C'est une histoire étonnante que raconte Bloomberg. Celle d'un stock d'aluminium situé à une petite demi-heure de route d'Hô Chi Minh-Ville, une montagne presque littérale du précieux métal, longue de près d'un kilomètre, pesant 1,8 million de tonnes et dont le site estime la valeur, selon le cours actuel de la chose, à 5 milliards de dollars (4,43 milliards d'euros).

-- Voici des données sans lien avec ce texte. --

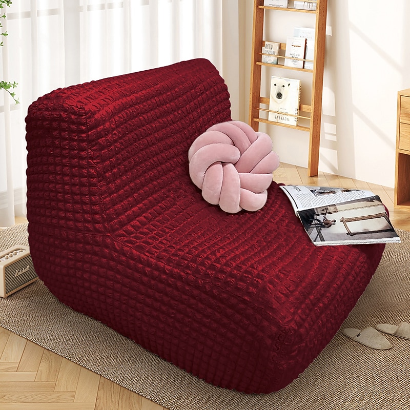 Single Seated Lazy Sofa Cover, Burgundy Armless Floor Sofa Cover, One Piece High Stretch Slipcover, Removable and Machine Washable Cover 10

Cet incroyable trésor, explique l'expert Duncan Hobbs, représente la consommation annuelle d'un pays comme l'Inde, le second plus peuplé de la planète. D'après lui, «nous sommes en face du plus grand déficit que le monde ait connu depuis vingt ans au moins, et ce stock pourrait non seulement le combler, mais créer un petit excédent».

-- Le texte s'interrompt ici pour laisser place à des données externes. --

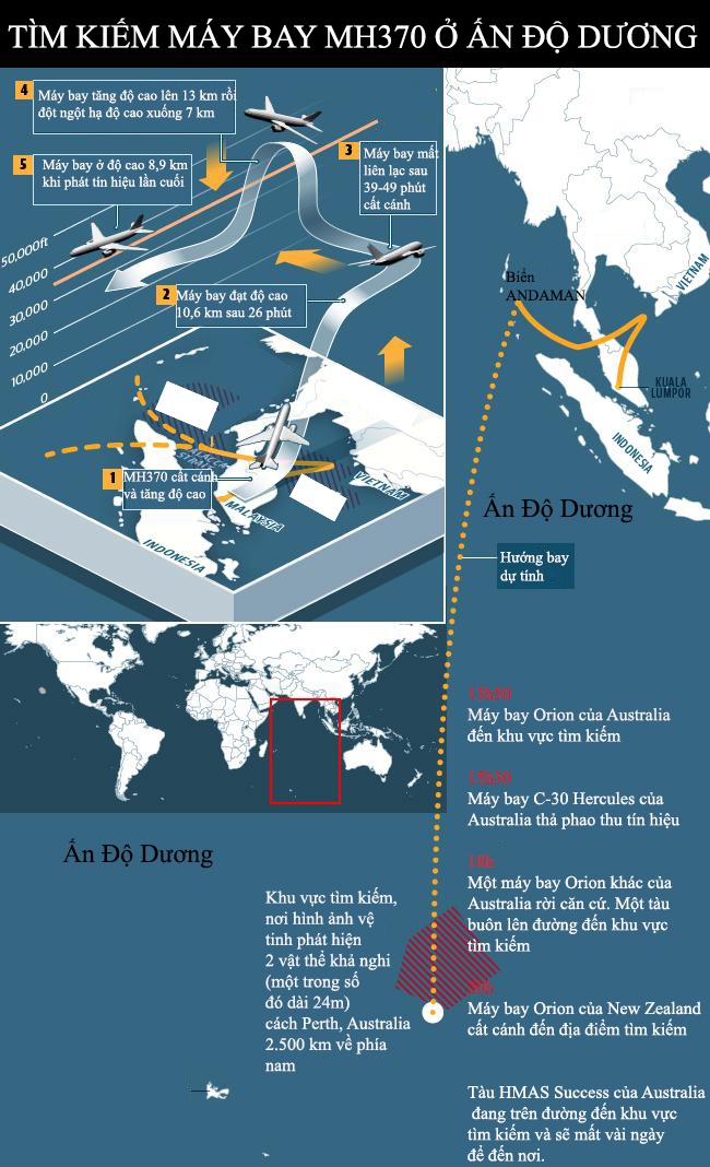 Trước đó, khi phát biểu trước quốc hội Australia, Thủ tướng Tony Abbott cho hay Cơ quan An toàn Hàng hải Australia (AMSA) nhận được thông tin dựa trên hình ảnh vệ tinh về hai vật thể lạ, nghi là mảnh vỡ từ máy bay Boeing 777 ở vùng biển ngoài khơi Perth, phía tây Australia.

Notez le conditionnel car il y a un hic, un énorme hic: dans ce monde qui court justement après un métal dont la valeur a ces derniers mois explosé sur les marchés, le stock vietnamien est inaccessible et condamné à dormir sur place.

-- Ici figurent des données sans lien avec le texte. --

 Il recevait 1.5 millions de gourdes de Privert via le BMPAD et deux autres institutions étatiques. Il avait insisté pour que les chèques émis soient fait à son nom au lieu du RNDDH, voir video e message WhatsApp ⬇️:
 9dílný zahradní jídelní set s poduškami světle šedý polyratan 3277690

Ces 1,8 million de tonnes ont été saisies par les autorités vietnamiennes en 2019 à la suite d'une enquête antidumping initiée par les États-Unis et visant les activités d'un milliardaire chinois. Depuis, le stock dort, surveillé par des gardes, alors que l'enquête se perd dans ses méandres.
Marché renversé
Le stock est si grand et la valeur de l'aluminium si haute que son arrivée sur le marché pourrait provoquer un effondrement du cours du métal, avance Bloomberg. C'est néanmoins peu probable. Si peu probable que certaines firmes chargées d'estimer les stocks mondiaux et leurs emplacements ont retiré le trésor vietnamien de leur inventaire, arguant notamment qu'une partie du métal a plus de 10 ans et ne vaut plus grand-chose.
Mais, explique Bloomberg, cette affaire est exemplaire d'un marché de l'aluminium devenu avec les années l'un des plus turbulents du monde. Autrefois abondant, produit en masse par la Chine, le métal s'est fait (beaucoup) plus rare quand le pays a réduit sa cadence, entre autres pour des raisons environnementales.
Le rebond économique et industriel post-pandémique a fait le reste: le monde manque désormais cruellement d'une matière première importante, dont il a longtemps stocké la surproduction en attendant de meilleurs tarifs. À La Nouvelle-Orléans, à Rotterdam, en Malaisie, à Détroit, les entrepôts se sont vidés à une vitesse imprévue et les industriels de tous horizons se battent pour mettre la main, à prix d'or, sur ce qui reste.
En Chine, pays qui a pendant des années abreuvé le monde d'aluminium mais en capte désormais une grande partie de la production, les stocks actuels ne sont évalués qu'à 1,2 million de tonnes par la firme spécialisée AZ China. Cela n'équivaut qu'à deux semaines de demande. Le trésor vietnamien constituerait sans doute un appréciable bol d'air s'il était rendu accessible.